Mas a história não termina aí: Você sempre resolve voltar atrás e fechar a tampa. Só que fechar a tampa não te faz esquecer o que você já viu lá dentro; já foi. Você está mudado, irremediavelmente mudado, mesmo que seja só de um sujeito que não sabia o que tinha dentro da caixa para um sujeito que agora sabe o que tem dentro da caixa. Mas conhecimento nunca muda a gente para pior, né? Enriquece a pessoa, e tal, e tal. Se você acredita nisso, pare para pensar sobre como você era feliz quando ainda achava que Papai Noel existia, ou quando achava que a coisa mais difícil do mundo era a prova de Matemática da terceira série. Você não tinha que se preocupar com passar na entevista de emprego, com IPTU, com IPVA, com IPQP, com seguro, com abastecer o carro, com ter sucesso na carreira, com ter sucesso pessoal, com ter sucesso na rua, na chuva, na fazenda ou numa casinha de sapê.

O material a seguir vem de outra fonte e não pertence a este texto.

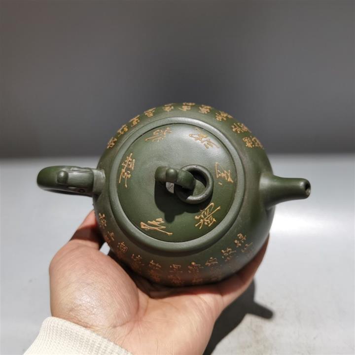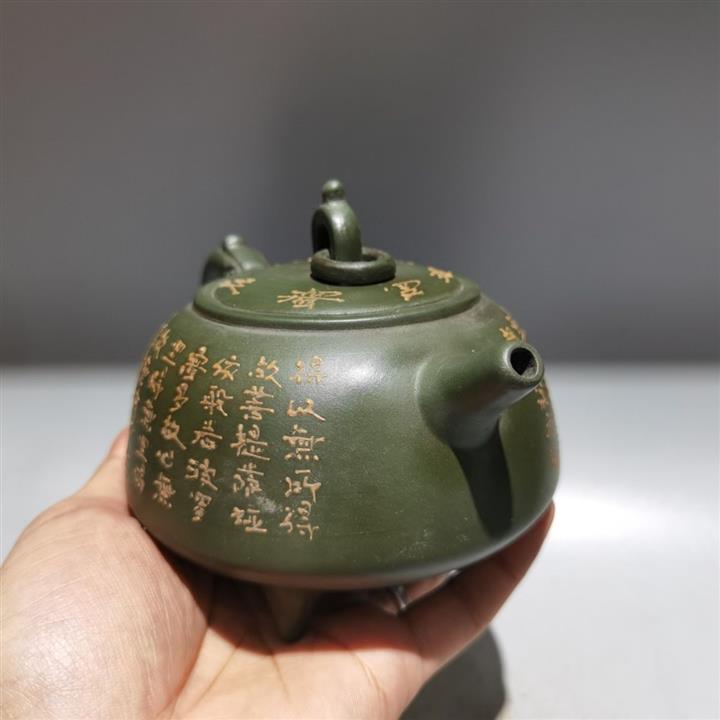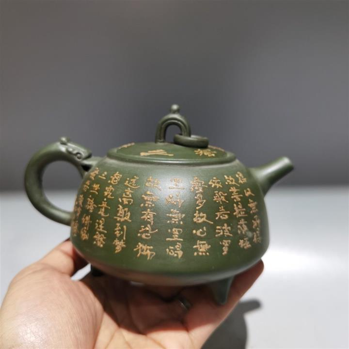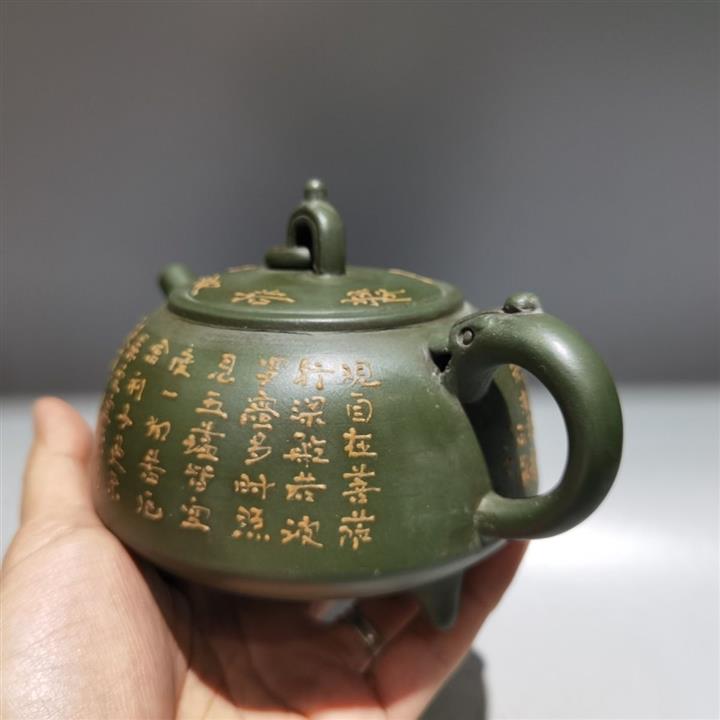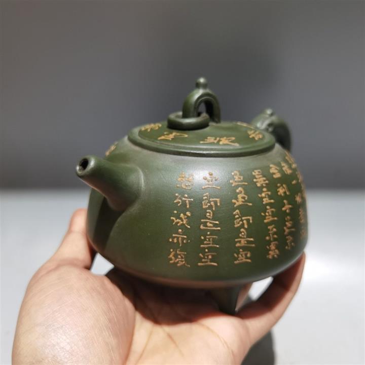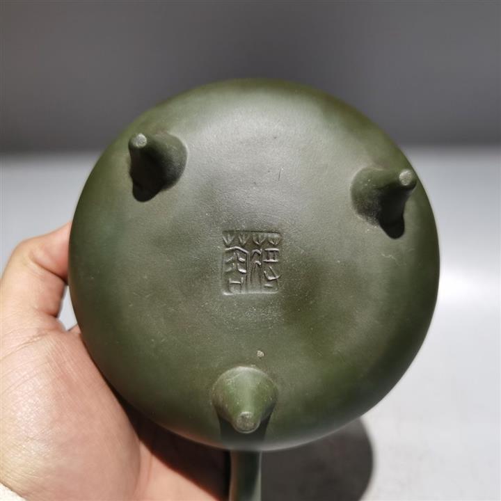 藏品·綠泥三足環龍蔣蓉仿古壺

Pois é.


Mas convenhamos -- a culpa não é sua, que abriu a caixa (
nunca é). A culpa é da etiqueta. Não, melhor: A culpa é do profeta cego que escreveu a etiqueta. Ele não foi claro na mensagem, não enfatizou o suficiente. Pensando bem, agora, me atrevo a dizer que foi até mal intencionado -- deixando uma mensagem assim... tão ambígua, tão nebulosa. "Não abra" -- sacanagem deixar uma mensagem besta dessas. Ele não deveria nem ter usado uma "etiqueta", pra começar -- deveria ter usado um letreiro piscante em neon. Isso! Se quisesse mesmo ajudar exploradores desavisados, teria usado neon. Mas usou etiqueta. Então, a culpa é, obviamente, do profeta. 

"
Não abra."
(pisca)
"NÃO ABRA..."
(pisca)
"NÃO ABRA, PORRA!
(pisca)
(repete)

Quem abriria uma caixa com letreiro de neon? Ninguém, claro. Mas não tinha neon e, por isso, você foi lá e abriu. Não faz sentido se arrepender agora -- a gente pega o profeta um dia desses. Por agora, só resta dizer "tchau" para a ignorância confortável pré-caixa e se habituar à sua nova realidade pós-caixa. Sabendo o que não devia, o que não era para saber. Mas pelo menos você abriu a caixa -- melhor assim. Acho. 




9 comentários:

  1. Esse teu texto me pareceu o momento que estou vivendo hoje.
    Como pode? Você leu meus pensamentos?
    Adorei te ver de volta...adoreeeeeei ler mais um super texto teu...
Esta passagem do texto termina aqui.